While not as significant as bubbles in the housing market or Internet tech sector, the recent examples of bubbles in gold, Bitcoin and carbon are worth studying from a risk management perspective.

2013 has seen the return of the bubble. In fact, three investment bubbles have burst so far in 2013: gold, carbon and bitcoins. Unlike the 2008 bubble situation, these issues have not caused a massive level of financial market dislocation.

But that is not because we have fixed what ills us. We are still ill; rather, it is because these markets do not have the level of investment and inter-connectedness that other markets do. Nevertheless, it is interesting that these bubbles burst at the same time, and there may be a connection between them.

First, what exactly is an investment bubble? it is where the value of an asset has been driven up to a point where it is far beyond the usual value levels or what is reasonable given normal market functioning. Recent examples, of course, include the Internet and housing bubbles, both of which had a massive impact on the economy.

The Tulip craze in Holland in the seventeenth century that saw a run up in the value of a tulip is possibly the classic case of a bubble in history. The term was likely originated with the South Sea Bubble. All these asset bubbles share similar features; a run up in the value of an asset multiple times beyond its intrinsic value aided and abetted by cheer leaders and their wiling listeners and buyers. So was it any different this time?

First, let's take the gold bubble. Gold found a willing investment community in the past five years or so from a nexus of gold ideologues, inflation bulls, and of course, most likely, the majority, speculators. The price of gold hit a high of close to 1900 dollars an ounce in 2011, before falling by 28 per cent, with a 9.4 per cent drop in one day on April 19. Gold was supposed to be the defense against a global economic collapse. Why the sudden drop?

The value of gold it turns out was closely tied into an investment thesis that sees gold as a safe haven against a global currency collapse brought on by feckless government spending and high debt. So with the fear of economic collapse fading and the battering of the credibility of that thesis (see Should we Ban Excel?), analysts have been changing their tune. Perhaps governments were not about to collapse and their currencies with them, after all. As analysts revised their price targets for gold, price declines quickly followed.

The second bubble — that of carbon credits — has declined also fairly precipitously in recent weeks: the European carbon market price fell from 25 Euros a ton in 2008 to just 5 Euros in February. This was in no small part due to overly generous carbon allowances for firms: so many carbon credits were given out that firms barely needed to reduce their emissions to meet the requirement. As a result the demand for additional allowances eroded and price declines quickly followed.

People had expected the European Parliament to recognize the fact that the pain of pollution had become too insignificant to achieve the desired for policy objectives by taking a significant number of allowances off the market. Such action could have changed this dynamic and forced the price up.

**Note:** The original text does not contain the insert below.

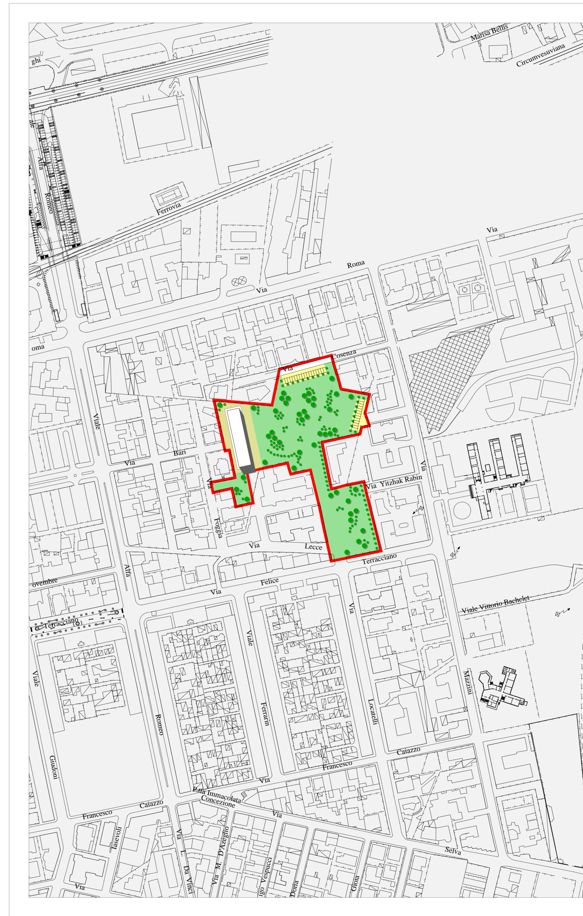
PROGETTO COMPARTO scala 1:2.000

SUP. TERRITORIALE LORDA = 26.654 mq. SUL C/1 = 3.682,50 mq. VERDE PUBBLICO = 10.287,79 mq. ISTRUZIONE INTERESSE COMUNE = 9.794,57 mq. PARCHEGGI = 1.193,18 mq.

However, on April 16 the European Parliament voted against the plan to do so and this led to the price of carbon emissions collapsing by more than 40 percent in a day. Even the European pro-environment political establishment, when faced with economic hardship, chose environmental pain over economic pain. Carbon emissions trading is heavily dependent on regulatory and environmental support. Once that underpinning went away, the price could only reflect the true levels of supply and demand.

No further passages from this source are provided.